In the case you don't have access to httpd.conf or you want work with .htaccess files only , you can put similar directives directly into an .htaccess file:

<FilesMatch "\.(cgi|pl)$">
   PerlHeaderParserHandler Apache::SessionManager
   PerlSetVar SessionManagerTracking On
   PerlSetVar SessionManagerExpire 3600
   PerlSetVar SessionManagerInactivity 900
   PerlSetVar SessionManagerName PERLSESSIONID
   PerlSetVar SessionManagerStore File
   PerlSetVar SessionManagerStoreArgs "Directory => /tmp/apache_session"
   PerlSetVar SessionManagerDebug 5
</FilesMatch> 

The only difference is that you cannot use Location directive (I used FilesMatch) and you must install Apache::SessionManager in Header parsing phase of Apache request instead of URI translation phase.

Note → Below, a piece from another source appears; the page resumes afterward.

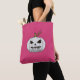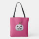 Conozca esta temporada con esta elegante bolsa de tote rosa con una encantadora calabaza blanca en el centro. Es una buena elección para los amantes de Halloween que prefieren un suave toque estético a la decoración tradicional de otoño. Excelente para uso diario, truco o trato, o como una bolsa de compras reutilizable y fresca. Haz un divertido regalo para los fanáticos de Halloween rosa - también conocido como Pinkoween!

Notes on using .htaccess instead of httpd.conf

  • In this cases it is necessary to install Apache::SessionManager in Header parsing phase and not into URI translation phase (in this phase, .htaccess hasn't yet been processed).

  • Using .htaccess, it is possible to use only cookies for the session tracking.

See Apache::SessionManager::cookpod for more info about module configuration and use within thirdy part packages.

DIRECTIVES

You can control the behaviour of this module by configuring the following variables with PerlSetVar directive in the httpd.conf (or .htaccess files)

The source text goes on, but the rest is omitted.